De vrouw, die zijn mentor is, staat aan de andere kant van de kamer. Eigenlijk wilt de man richting het meisje lopen maar het weerhoudt hem ervan omdat zijn mentor nog in diezelfde ruimte stond. Ze vond het idioot hoe Milo al zover was in zijn studie. Een jongen van dat kaliber was enkel in staat om het gespuis eruit te plukken. Soort zoekt soort had ze hem verteld. Daarom was hij aan de dertienjarige gekoppeld.
"Ze had nog wat drugs achtergehouden dus." De vrouw houdt het zakje omhoog en de maaginhoud van Milo lijkt hetzelfde te doen. "Oké maar ze is hier pas," Milo kijkt op zijn klok, "twintig minuten. Ze heeft niet eens de tijd gehad om die dingen weg te doen."
Als hij naast het meisje wil gaan zitten, merkt hij de afkeurende blik al van zijn mentor. Dit ging een zwaar jaar worden. Milo voelde het aan alles. Hij was hier pas twee weken maar het was nu al een heksenketel geworden.
"Het is jouw cliënt oké dus jij zorgt er maar voor dat je het regelt met haar. Ik wil haar geen enkele vorm van drugs nog zien vasthouden. Gebeurt dit wel dan kan jij een negatief stagerapport verwachten in ieder geval."
Met die woorden wordt de deur gesloten en is Milo nu alleen met het meisje. Ze blijft met haar vingers spelen en Miel wordt teruggetrokken naar de dag dat hij voor het eerst naar Frank en Jonathan ging. De mannen die zoveel hebben betekend in de ontwikkeling van Milo.
De man laat zich zakken tegen de muur aan en blijft haar aankijken. Hij ging dezelfde techniek toepassen als Frank. Zolang zij haar mond hield kon Milo genieten van de stilte. Pas wanneer zij er klaar voor was zouden beide tot een gesprek komen.
Hoe lang zou Milo op de grond hebben gezeten? Tien misschien vijftien minuten voordat een vorm van geluid de kamer vulde.
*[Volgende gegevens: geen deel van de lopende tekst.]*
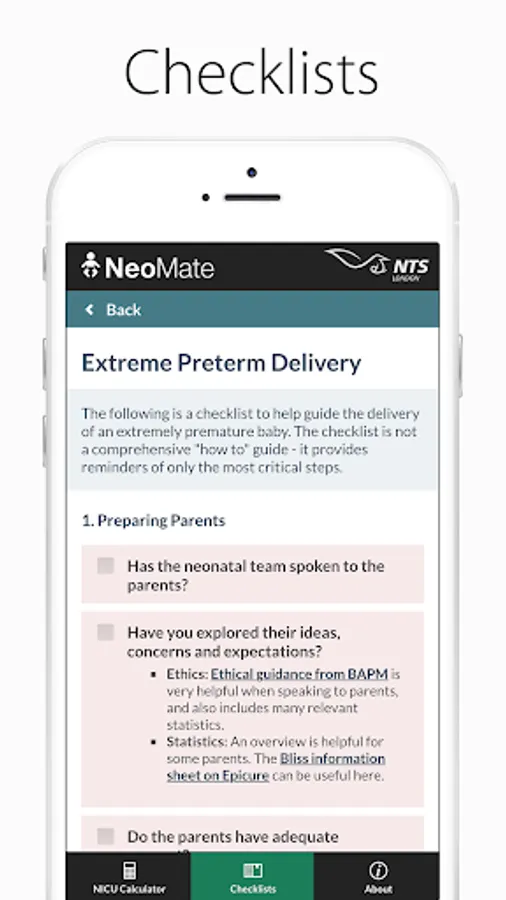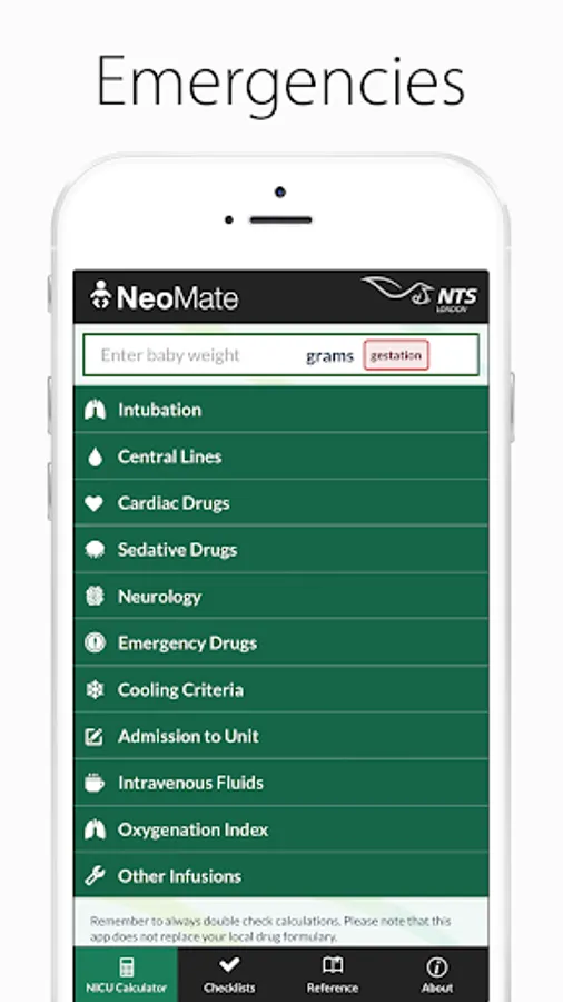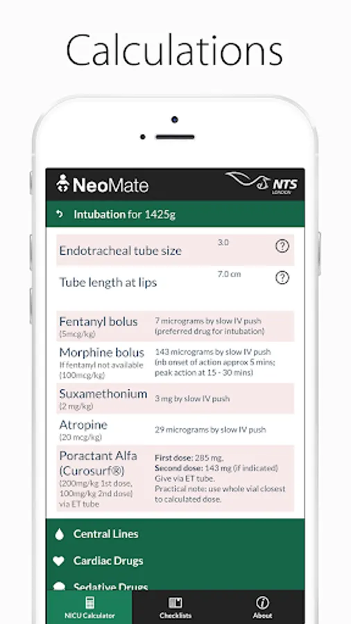 NeoMate helps neonatal staff to provide the best possible care for unwell babies in the hospital setting. The app offers drug, infusion and fluid calculations, concise checklists for common clinical problems, and quick reference information to guide acute neonatal intensive care.

Tuurlijk was er de klok die door bleef tikken maar de personen in de kamer waren het zwijgen opgelegd.
"Yinthe ik breng je zo een doos, daarin stop je alles wat je niet bij je mag hebben momenteel. Ik zal die doos niet openen en je zal mijn vertrouwen niet beschadigen. Echt geloof me maar meid, het komt altijd goed."
Nu kijkt Yinthe op en schudt ze haar hoofd. Het kwam helemaal niet goed. Ze was het spuugzat dat iedereen haar wijs probeerde te maken dat ze wisten waar ze doorheen ging. Niemand kon dat. Zij waren toch niet verslaafd? Zij hadden toch geen overvallen gepleegd? Zij waren hier toch niet weggestuurd van huis omdat hun oudere broer bang was?
"Je snapt het niet. Je zal het ook nooit snappen."
Het komt er stil en gebroken uit. Ergens had Milo op meer weerstand en zelfverzekerdheid gerekend bij het meisje dat zichzelf had gepositioneerd in een kleermakerszit. De gebrokenheid schrikt hem op een of andere manier gewoon af. Hij heeft geen idee waar dit meisje doorheen is gegaan, daar had ze een punt. Echter wist deze man wel als de beste hoe het voelt als je hier zit. In de situatie dat je cold-turkey van je verslaving wordt getrapt.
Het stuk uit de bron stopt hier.